• _Work order_
All of the lines below need to be copied exactly, apart from the pictures.

• _Material provided_
######

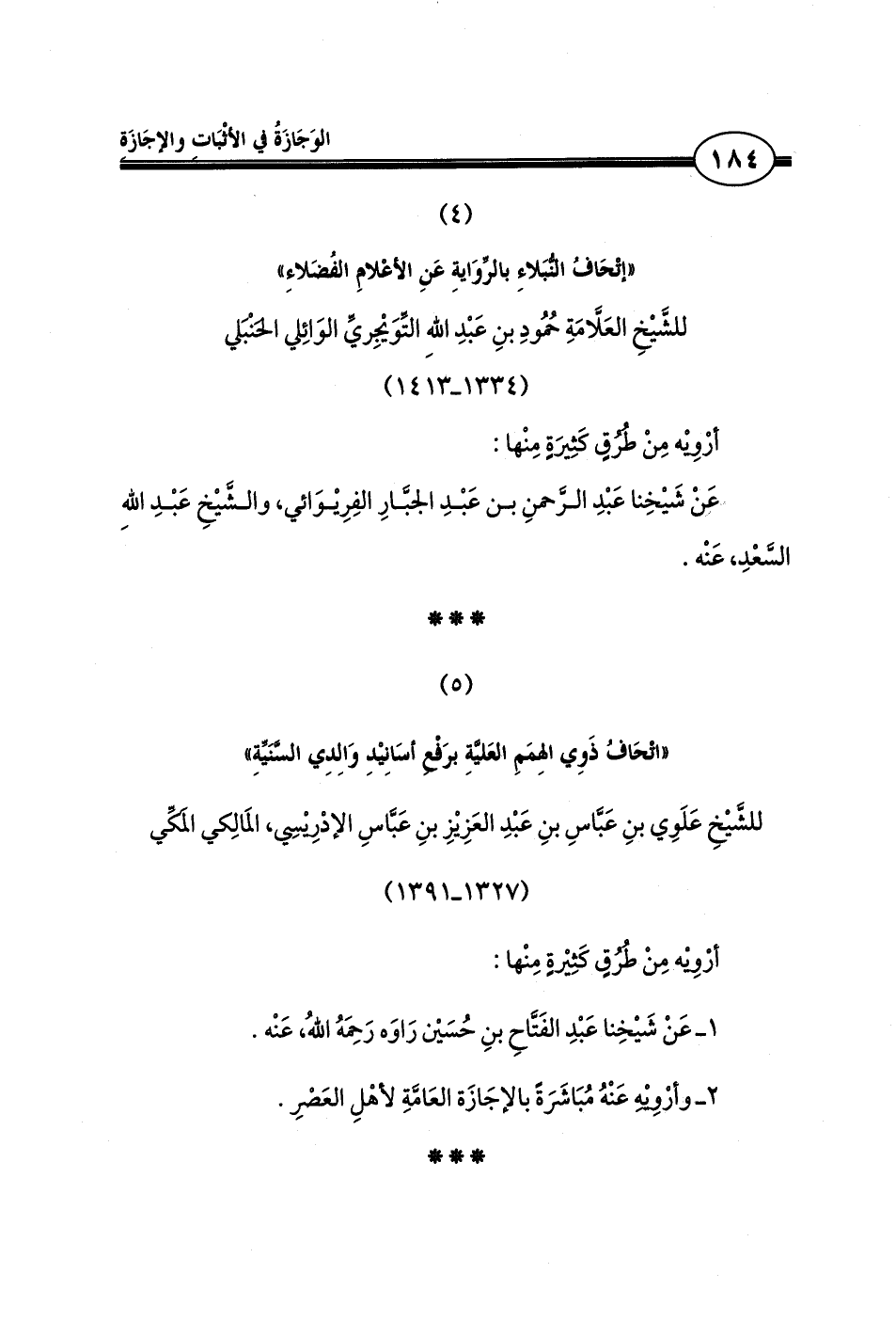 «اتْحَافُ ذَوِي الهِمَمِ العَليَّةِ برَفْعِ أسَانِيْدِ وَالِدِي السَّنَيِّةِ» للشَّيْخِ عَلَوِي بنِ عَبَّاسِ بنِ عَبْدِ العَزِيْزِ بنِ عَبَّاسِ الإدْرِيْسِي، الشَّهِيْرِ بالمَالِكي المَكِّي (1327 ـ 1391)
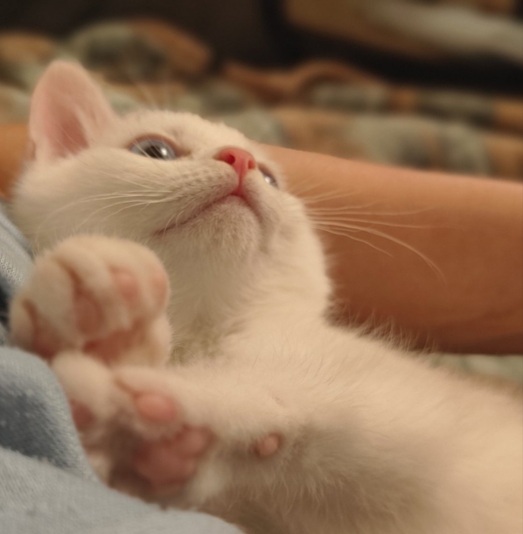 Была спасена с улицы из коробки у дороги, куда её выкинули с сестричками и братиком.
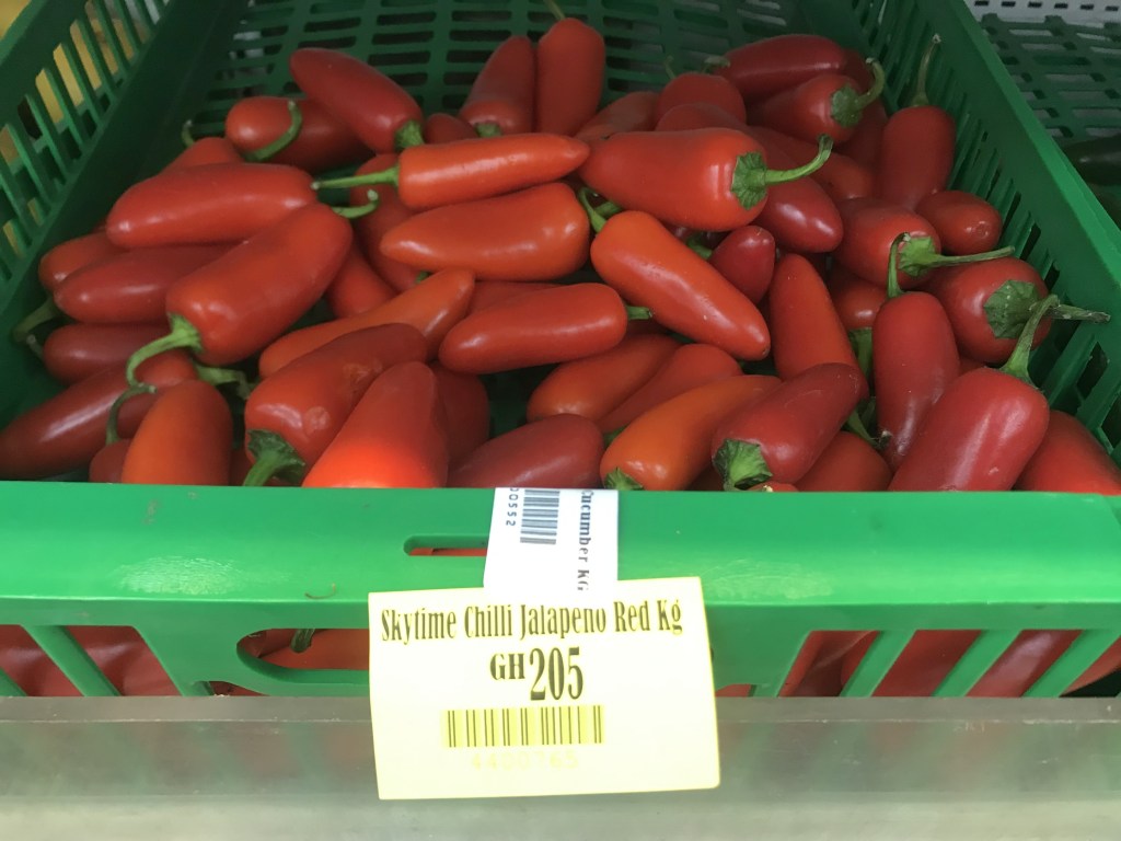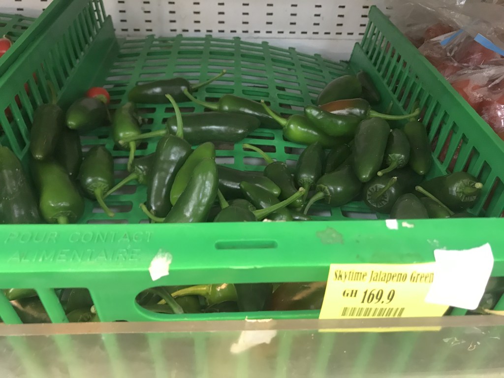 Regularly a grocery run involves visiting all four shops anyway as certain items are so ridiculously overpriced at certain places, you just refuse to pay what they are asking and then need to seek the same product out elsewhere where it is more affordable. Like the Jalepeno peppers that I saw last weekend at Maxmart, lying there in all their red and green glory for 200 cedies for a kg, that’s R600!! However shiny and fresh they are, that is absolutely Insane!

######

• _Response to the task_
 «اتْحَافُ ذَوِي الهِمَمِ العَليَّةِ برَفْعِ أسَانِيْدِ وَالِدِي السَّنَيِّةِ» للشَّيْخِ عَلَوِي بنِ عَبَّاسِ بنِ عَبْدِ العَزِيْزِ بنِ عَبَّاسِ الإدْرِيْسِي، الشَّهِيْرِ بالمَالِكي المَكِّي (1327 ـ 1391)
 Была спасена с улицы из коробки у дороги, куда её выкинули с сестричками и братиком.
 Regularly a grocery run involves visiting all four shops anyway as certain items are so ridiculously overpriced at certain places, you just refuse to pay what they are asking and then need to seek the same product out elsewhere where it is more affordable. Like the Jalepeno peppers that I saw last weekend at Maxmart, lying there in all their red and green glory for 200 cedies for a kg, that’s R600!! However shiny and fresh they are, that is absolutely Insane!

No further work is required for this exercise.